Very cool images. But Arabian apparently spent so much time thinking them up that he failed to pay attention to such minor elements as, say, acting.
With one exception his leads were all floundering opening night. There are widly different styles of acting, none connecting with the others in any meaningful way.
Only vet actress Angela Paton, as an angry and recognizably regal Hecuba, brings any emotional reality to her performance. The other performances consist mainly of posturing — or, in the case of James Harper’s Menelaus, playing for innapropriate laughs.
One can only guess what Mariette Hartley is going after, with her jerky, animatronic-style movements as Andromache. Whatever it is, it doesn’t work. Like most of her colleagues, she seems to be striving for effect, not living the role.
The chorus of Trojan women sing most of their lines. This approach can be highly effective, as those who saw American Conservatory Theatre’s recent production of “Hecuba” in San Francisco with Olympia Dukakis can attest.
Unfortunately, Mimi Seton’s prosaic lyrics and banal pop/folk/gospel melodies seem sadly out of place, and kill whatever dramatic momentum the production builds.

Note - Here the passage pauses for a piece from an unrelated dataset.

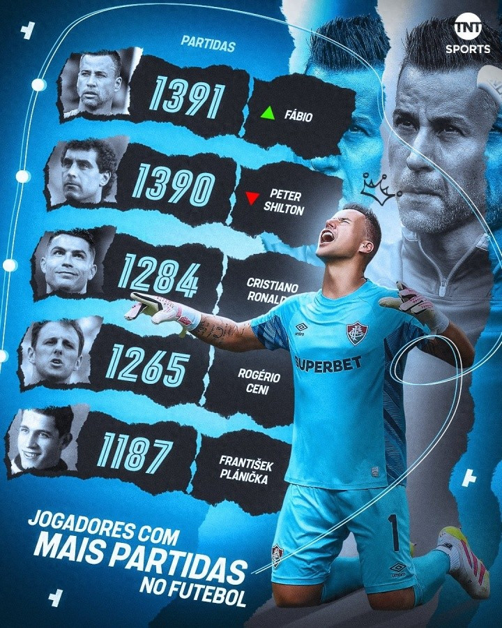 TNT Sports列足坛历史出场数前五,44岁巴西门将法比奥居首,40岁C罗排第三,目前落后107场,C罗是榜上唯一一名非门将球员。

A subtle lighting design was probably impossible, given the circumstances; in any event, J. Kent Inasy does not provide one. Betty Berberian’s costumes are appropriately subdued, with black and burgundy the primary colors. Airplanes and helicopters fly overhead periodically, drowning out the actors. This isn’t as annoying as expected, since one can imagine they are military aircraft, and therefore a part of the show. For unexplained reasons, Arabian has placed the prologue at the end of the play. This is an unwitting symbol of the backwards nature of his production, in which the play gets lost and the site is the star.